**DATASET EXCERPTS:**

:::

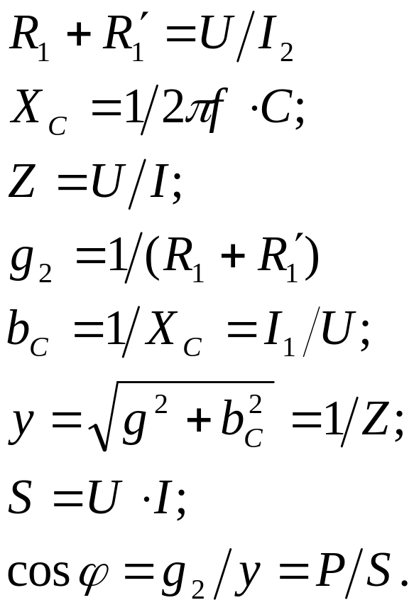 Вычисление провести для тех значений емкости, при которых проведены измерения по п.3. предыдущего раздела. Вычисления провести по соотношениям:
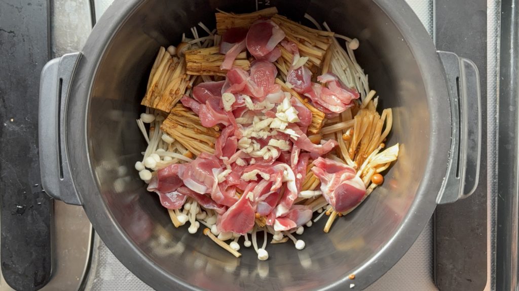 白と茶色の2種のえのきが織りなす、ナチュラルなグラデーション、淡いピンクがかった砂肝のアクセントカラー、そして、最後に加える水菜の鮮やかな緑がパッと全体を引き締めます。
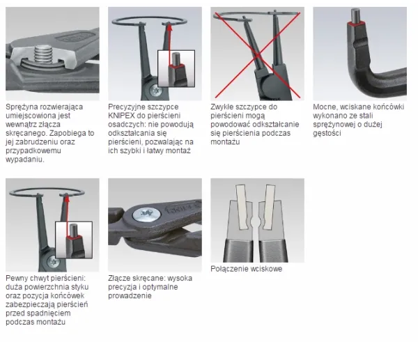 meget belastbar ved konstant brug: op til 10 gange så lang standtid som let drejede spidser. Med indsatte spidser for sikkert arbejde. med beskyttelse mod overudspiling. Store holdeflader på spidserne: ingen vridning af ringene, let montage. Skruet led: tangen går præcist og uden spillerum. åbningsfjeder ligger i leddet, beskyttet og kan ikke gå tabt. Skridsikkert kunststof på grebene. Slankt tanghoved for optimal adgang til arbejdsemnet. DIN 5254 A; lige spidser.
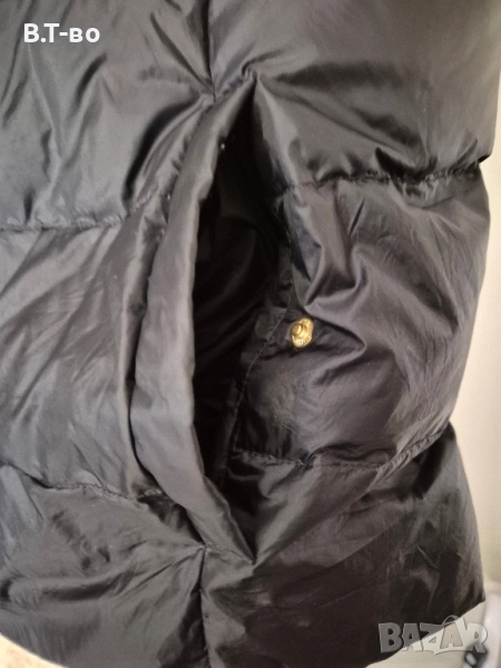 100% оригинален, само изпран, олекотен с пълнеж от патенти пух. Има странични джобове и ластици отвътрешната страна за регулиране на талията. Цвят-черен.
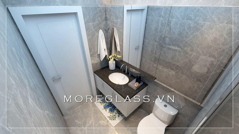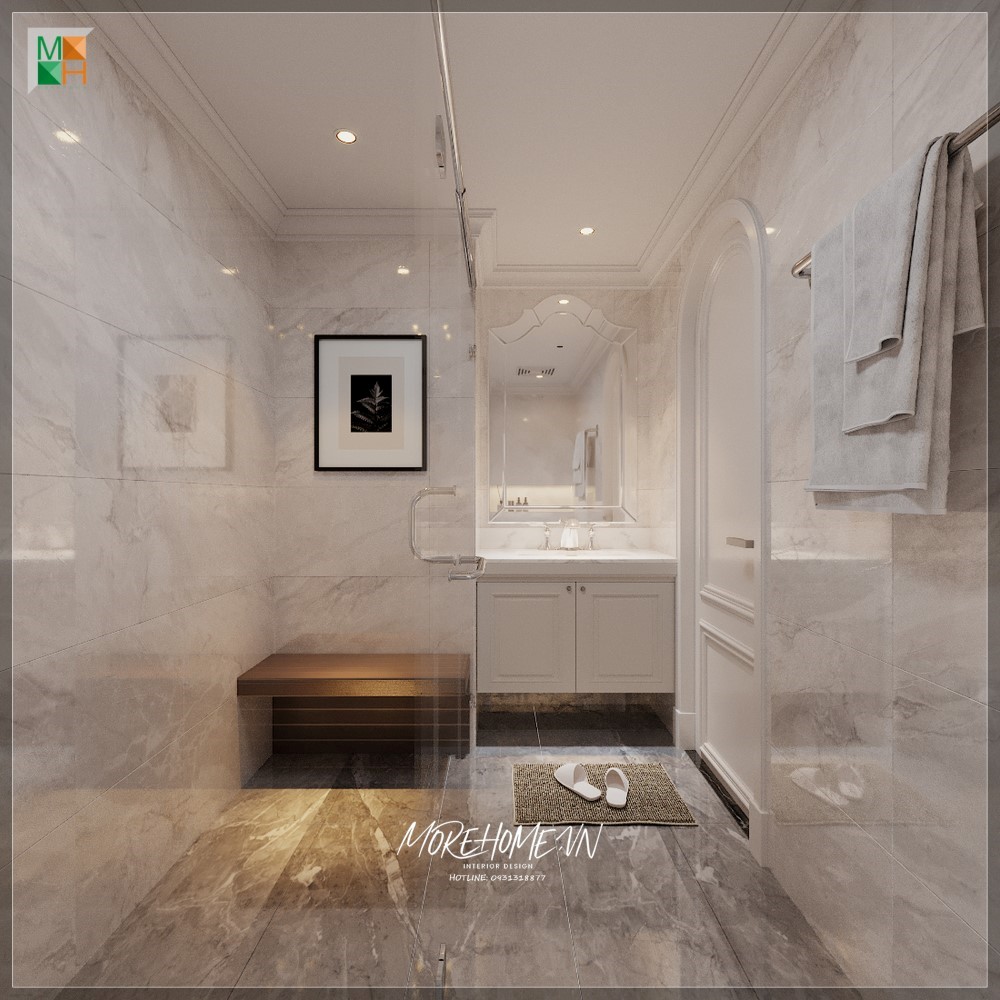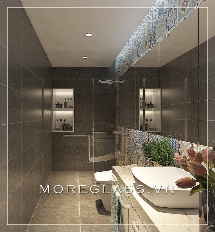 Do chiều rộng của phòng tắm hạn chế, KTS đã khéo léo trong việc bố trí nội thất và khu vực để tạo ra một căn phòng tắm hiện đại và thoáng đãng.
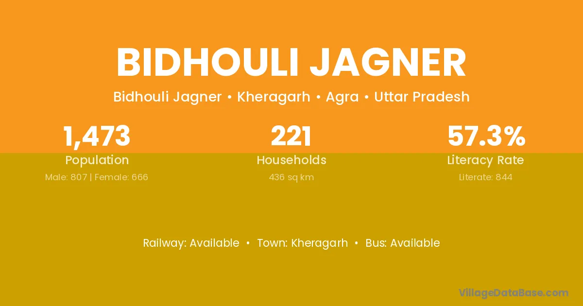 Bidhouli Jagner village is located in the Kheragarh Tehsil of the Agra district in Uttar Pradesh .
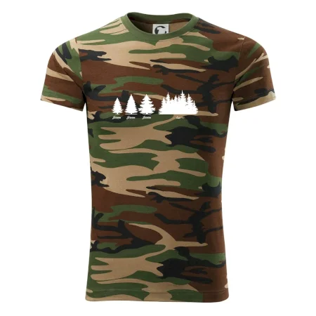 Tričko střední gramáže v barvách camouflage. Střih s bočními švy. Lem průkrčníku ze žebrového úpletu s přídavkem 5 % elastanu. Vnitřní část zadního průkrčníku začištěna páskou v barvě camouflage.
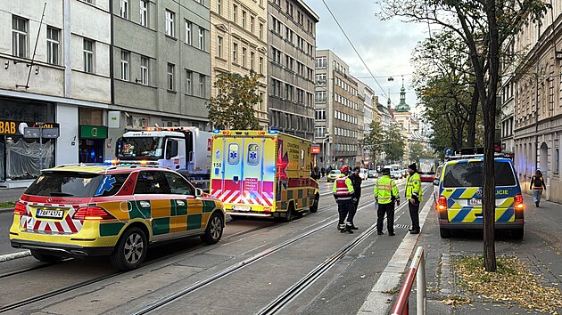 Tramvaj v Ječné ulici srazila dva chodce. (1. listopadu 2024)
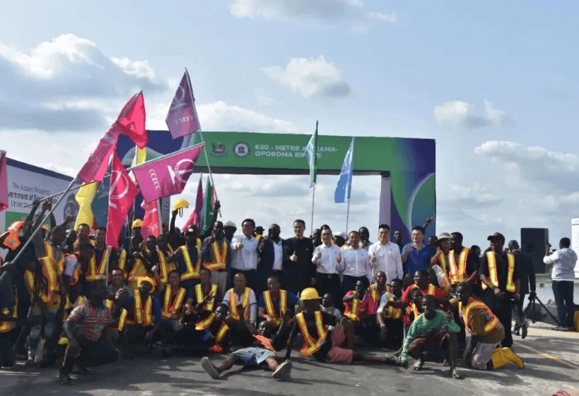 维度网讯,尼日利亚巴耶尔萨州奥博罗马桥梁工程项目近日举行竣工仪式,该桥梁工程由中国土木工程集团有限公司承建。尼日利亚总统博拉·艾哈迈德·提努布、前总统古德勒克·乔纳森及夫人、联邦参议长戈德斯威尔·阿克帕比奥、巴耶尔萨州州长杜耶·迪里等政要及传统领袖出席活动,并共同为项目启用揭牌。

:::

**AIM OF THE TASK:** Once the line containing "白と茶色の2種のえのきが織り" has been copied, stop; everything from the first line of the data up to it must be copied exactly, without pictures.

**TASK OUTPUT:**
 Вычисление провести для тех значений емкости, при которых проведены измерения по п.3. предыдущего раздела. Вычисления провести по соотношениям:
 白と茶色の2種のえのきが織りなす、ナチュラルなグラデーション、淡いピンクがかった砂肝のアクセントカラー、そして、最後に加える水菜の鮮やかな緑がパッと全体を引き締めます。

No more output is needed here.